Connect with people by sharing vegan resources and recipes. Vegans know how to make a thousand delicious and nutritious meals out of tinned lentils and a few veg. Share your culinary knowledge with those around you. Video a how-to on preparing meals, making bread, tips for baking vegan cakes and treats. Start a vegan recipe sharing group online for friends, neighbours and family. Give people options and information.

Foster an animal for a local rescue or shelter. In times of crisis charitable giving is often the first and hardest hit. If you have the capacity, why not help foster an animal who needs a home? This benefits the animal, the rescue group, and can help prevent social distancing from becoming completely isolating.

Discuss the role that the human relationship with non-human animals has had in creating the environments necessary for zoonotic diseases to speaad to humans from non-human animals, using facts based information. SARS-CoV-2 is one among many diseases that have arisen as a direct result of human exploitation of non-human animals (SARS, MERS, BSE, H1N1 to name a few).
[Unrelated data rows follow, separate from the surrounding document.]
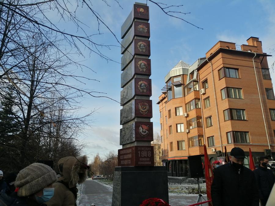 Шестиметровую стелу «Комсомольцам всех поколений посвящается» открыли на Комсомольском проспекте Новосибирска. На нем изобразили все ордена молодежной организации. А ветеранам комсомола вручили маленькие копии памятника.
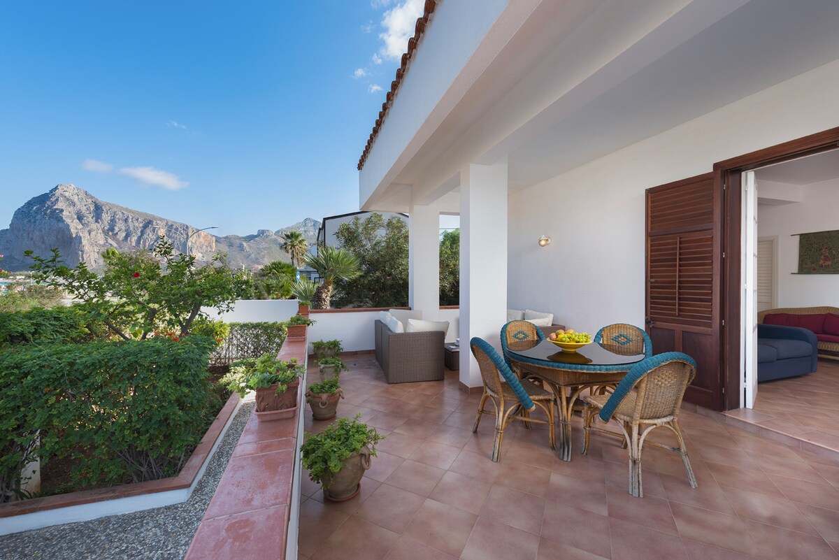 Nezavisna vila u sklopu rezidencije oko 1,5 km od sela i plaže. Mediteranski vrt je jak, velik, ekskluzivan i opremljen svime. Dvije velike terase. Kuhinja i vanjski tuš. Možete uživati u predivnom pogledu na Monte Cofano, Erice i Egadi. Kuća je opremljena svim udobnostima. Postoje dvije spavaće sobe: dvokrevetna i jedna s dva kreveta za jednu osobu, dnevni boravak s kaučem na razvlačenje i pametnim TV-om, klima uređaj, Wi-Fi, stolica za ljuljanje i roštilj.
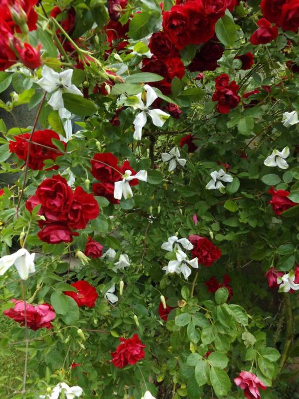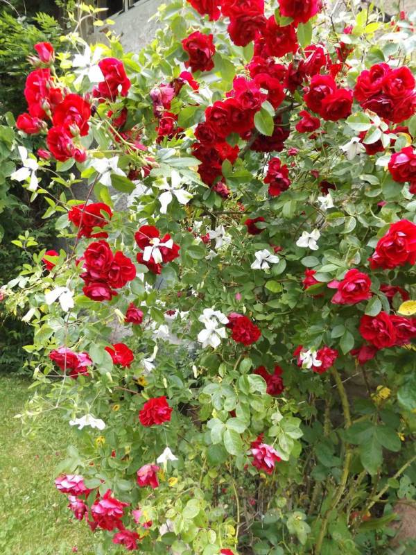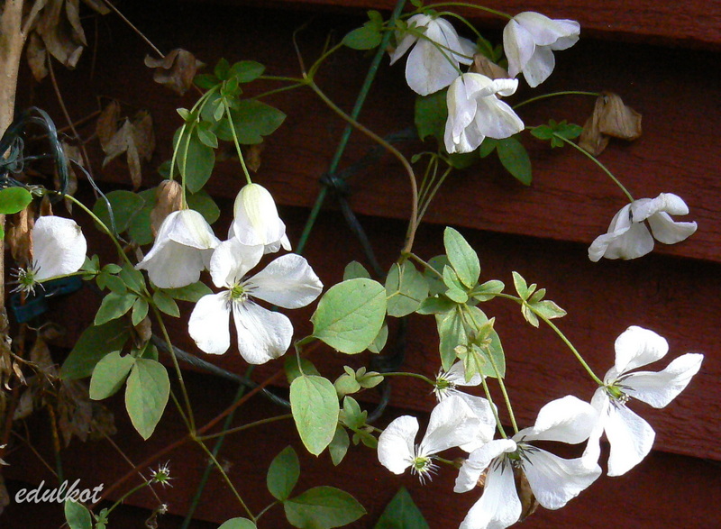 To mój najstarszy powojnik, rósł pod starym domem w bardzo zacisznym i suchym miejscu, pewnie dlatego każdego roku dopadały go grzyby i przędziorki. Wykopałam go i regenerował się w donicy, teraz muszę wyszukać mu odpowiednie stanowisko.

Discussions concerning the prevention of future zoonotic pandemics must center the need to transition away from animal exploitation industries, alongside the need for universal healthcare policies and social equality.
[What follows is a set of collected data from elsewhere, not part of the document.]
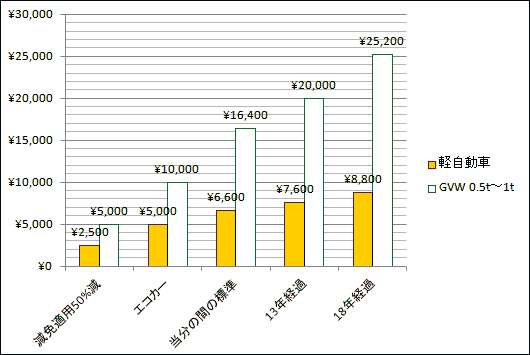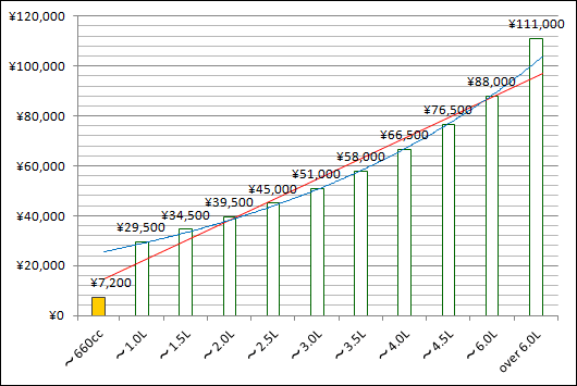 자가용의 승용차에 걸리는 경자동차세·자동차세를 발췌해, 그래프로 하는 곳과 같이 됩니다.경자동차세만이 비정상으로 싼 것을 압니다.
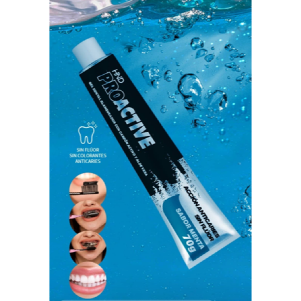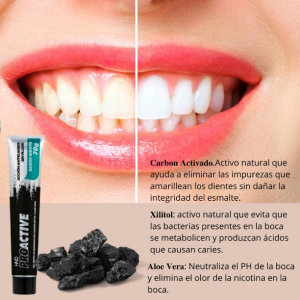 Ayuda a eliminar las impurezas que amarillean los dientes sin perjudicar la integridad del esmalte. Ayuda a la prevención de placas bacterianas y formación de caries. Mantiene el PH de la boca neutral, previniendo la desmineralización de los dientes. Prueba de eficacia clínica probada. Blanqueador. Sin fluoruro y sin colorantes
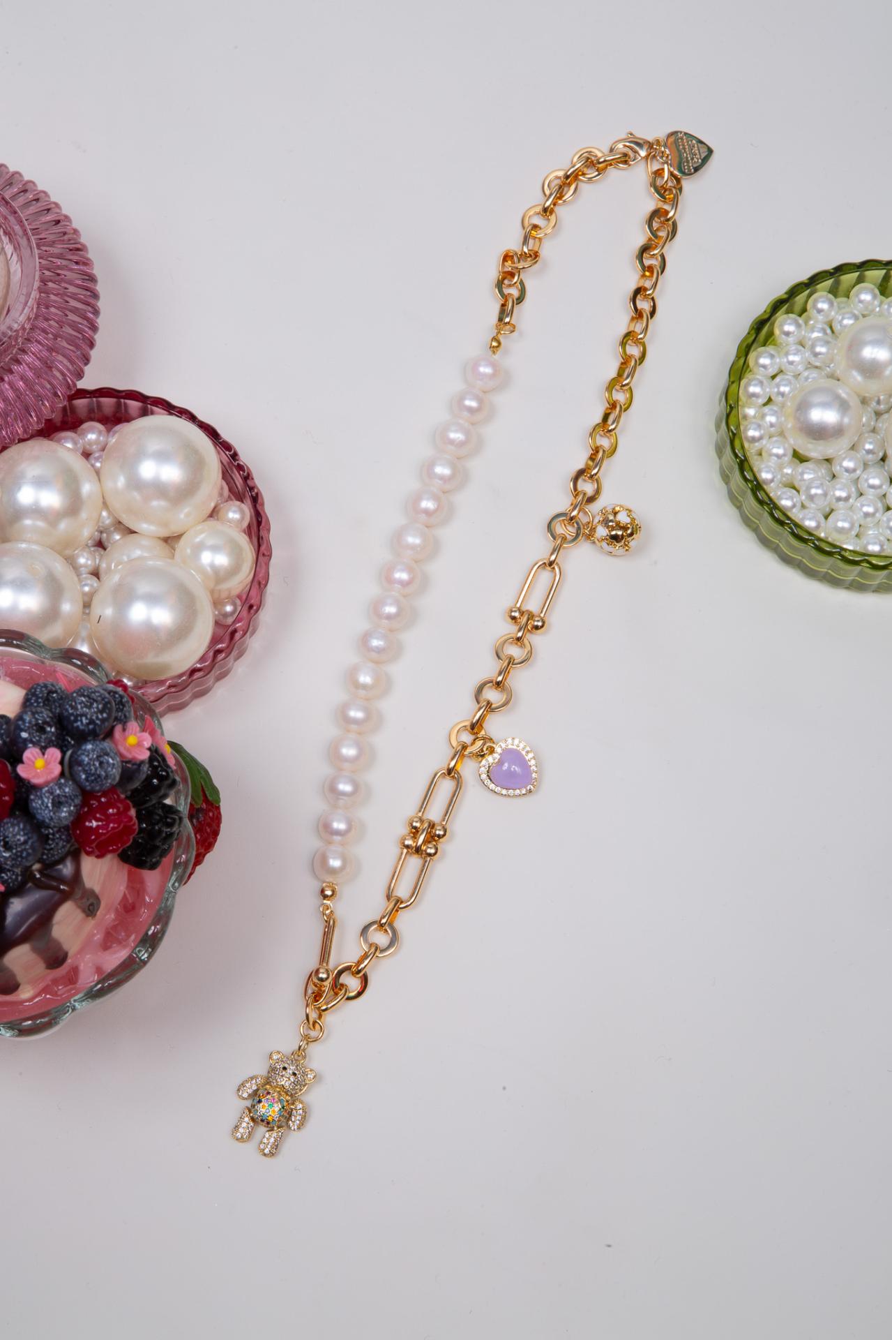Un collier en acier inoxydable composé de perles d’eau douce, de maillons dorés et d’un pendentif ourson scintillant.
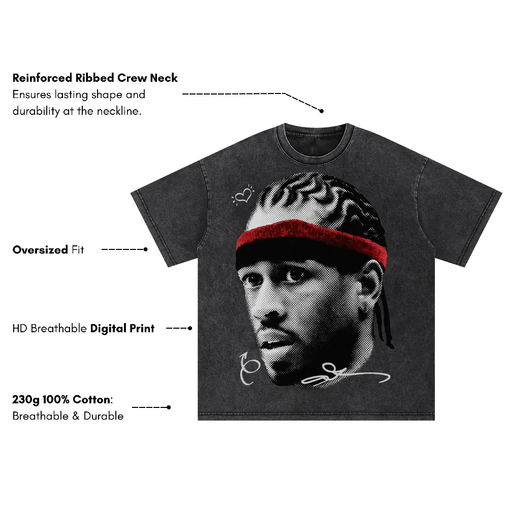 Allen Iverson ‘Headband’ Oversized Acid Wash T-shirt
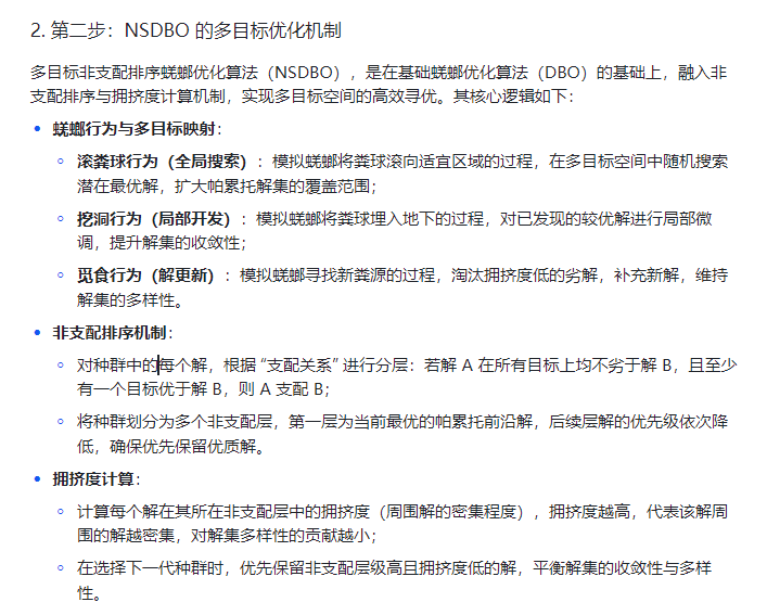 - 多目标非支配排序蜣螂优化算法(NSDBO):模拟蜣螂 “滚粪球 - 挖洞 - 觅食” 的行为,结合非支配排序机制,在 “预测误差最小化”“模型复杂度最小化”“鲁棒性最大化” 等多目标空间中,搜索帕累托最优解集,最终筛选出兼顾多需求的最优模型配置。
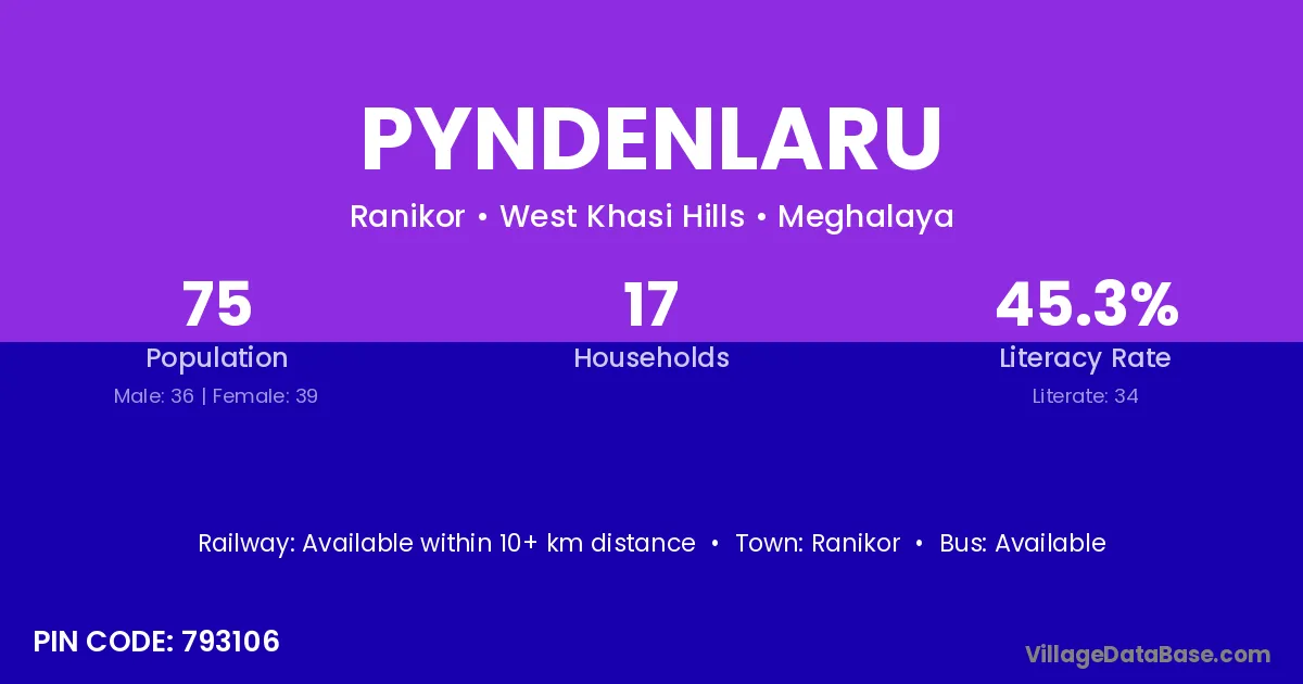 Pyndenlaru village has a total population of 75 people, of which 36 are males and 39 are females.
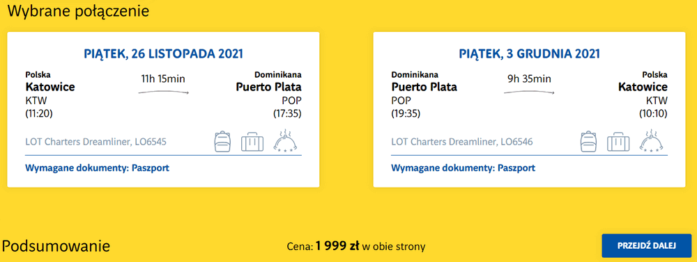 Katowice – Puerto Plata – Katowice »
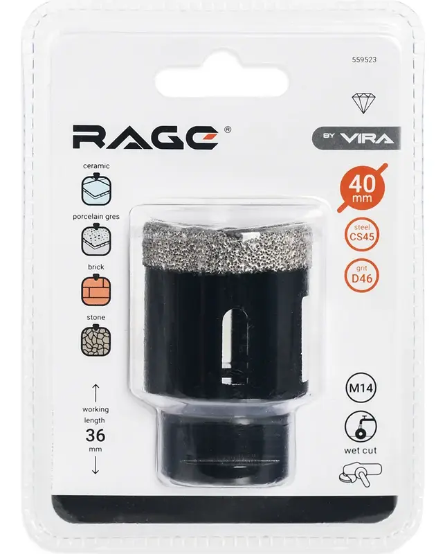 Коронка алмазная для УШМ по керамике 40 мм RAGE by VIRA

Support sanctuaries. Having endured droughts and bushfires, sanctuaries across Australia are facing an entirely new challenge: staying afloat in an economic crisis caused by a pandemic. Donations of food and money are disappearing, food waste donations from supermarkets usually used to feed rescued pigs and poultry are declining, and sanctuary operators who depend on income from their jobs to fund operations are now facing catastrophic income loss as workplaces shut down. Sponsor an animal, donate a bale of hay, donate any loose change you might have, share the stories of the sanctuary residents on social media. Freeze veggie offcuts and bread ends for pig and poultry feed (check with the sanctuary first for their safe foods list). And contact political representatives to request that animal sanctuaries be considered under economic rescue packages.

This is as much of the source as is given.